● REQUIREMENT
In the listing that follows, the lines starting at the one containing "Tasovskou placku rozlomíme, jednu" and ending at the one containing "Smarrito gatto wuropeo" are to be returned exactly, both boundary lines included, and no others.

● DATA FOR ANALYSIS
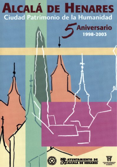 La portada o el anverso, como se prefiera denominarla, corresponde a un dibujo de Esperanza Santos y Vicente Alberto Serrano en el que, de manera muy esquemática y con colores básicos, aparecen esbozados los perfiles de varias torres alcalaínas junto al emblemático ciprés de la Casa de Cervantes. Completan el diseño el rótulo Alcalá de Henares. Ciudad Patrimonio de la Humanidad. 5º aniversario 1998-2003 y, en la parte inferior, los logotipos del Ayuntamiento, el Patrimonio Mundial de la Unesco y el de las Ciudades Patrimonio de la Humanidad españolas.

...

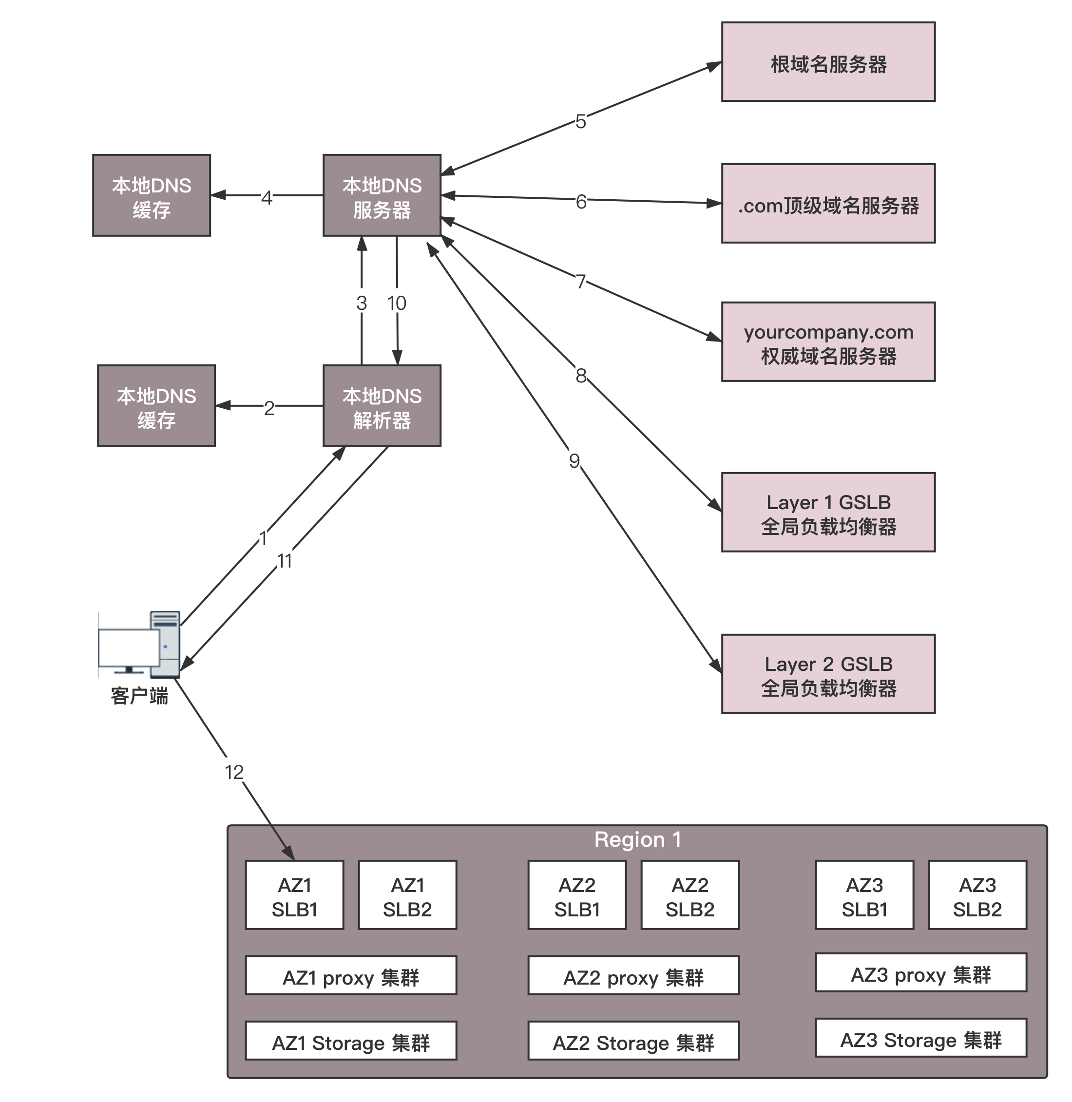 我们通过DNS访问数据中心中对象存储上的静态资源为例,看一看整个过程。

==

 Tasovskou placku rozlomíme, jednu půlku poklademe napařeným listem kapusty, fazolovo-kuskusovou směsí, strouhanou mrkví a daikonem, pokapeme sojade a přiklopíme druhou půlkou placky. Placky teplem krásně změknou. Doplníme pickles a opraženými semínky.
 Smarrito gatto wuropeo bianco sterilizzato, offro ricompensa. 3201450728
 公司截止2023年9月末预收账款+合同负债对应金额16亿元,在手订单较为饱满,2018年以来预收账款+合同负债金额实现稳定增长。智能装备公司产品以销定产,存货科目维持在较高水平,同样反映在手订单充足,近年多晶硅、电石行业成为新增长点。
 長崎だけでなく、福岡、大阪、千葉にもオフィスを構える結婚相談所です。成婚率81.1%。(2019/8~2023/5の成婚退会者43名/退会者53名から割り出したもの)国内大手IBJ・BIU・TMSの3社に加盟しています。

● EXERCISE ANSWER
 Tasovskou placku rozlomíme, jednu půlku poklademe napařeným listem kapusty, fazolovo-kuskusovou směsí, strouhanou mrkví a daikonem, pokapeme sojade a přiklopíme druhou půlkou placky. Placky teplem krásně změknou. Doplníme pickles a opraženými semínky.
 Smarrito gatto wuropeo bianco sterilizzato, offro ricompensa. 3201450728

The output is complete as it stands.